Listening is important enough to Jesus that he devotes his first parable to it (Mark 4:1-20). In Mark’s Gospel Jesus frames the parable of the sower with the opening word “Listen!” and the closing exclamation “Let anyone with ears to hear listen!” Overtly about a farmer indiscriminately scattering seed on different types of soil, the story is actually about different types of hearers. There are the path hearers—those who don’t really hear at all, deflecting and dismissing Jesus’ words. There are the rocky listeners, who let the word penetrate a little but then reject it because of adverse voices of struggle and persecution. Third are the thorny listeners, who listen a while longer but slowly allow the subtle power of seductive voices—the accumulation of wealth and the sparkle of material things—to suffocate the word. Finally are the true and fruitful listeners, those who receive the word deep into themselves, where it does its proper work of flowering and bearing fruit.

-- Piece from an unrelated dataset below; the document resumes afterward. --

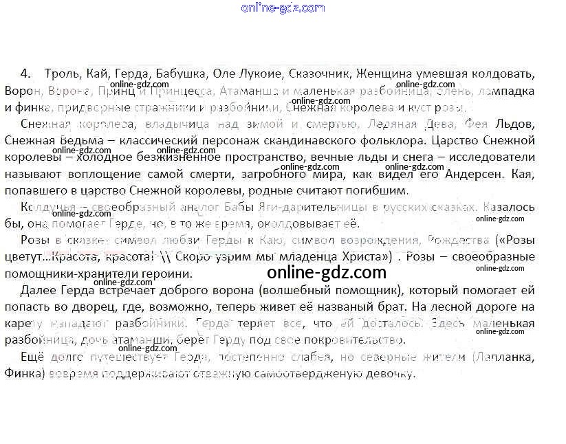 Готовые домашние задания по Литературе за 5 класс Рабочая тетрадь Ланин, Устинова Алгоритм успеха 2017 - Ханс Кристиан Андерсен Снежная королева Часть 1 4

What seems to separate the different types of listeners is the amount of effort that they put into listening. What we lack in understanding we can make up for in asking questions. The true listeners are those who stay, who crowd around Jesus and ask him the interpretation of the parable. This is the kind of listener God desires: those who pursue and seek and relentlessly question. They sit with Jesus’ words like an old friend that you know yet really don’t know, chewing and digesting, continuing to seek greater clarity and depth of understanding. They don’t just ask the first question; they also ask the second and third questions. They exhaust others with their questions.
We love to talk about listening. It’s easier than actually listening. There is much lip service paid to listening, but listening is a service of the ear, the mind and the heart. Listening is an act of servanthood, and serving is hard. There are no accolades in serving. When a servant is doing his job, no one notices. If we wish to imitate Jesus and become servants, we must learn how to listen.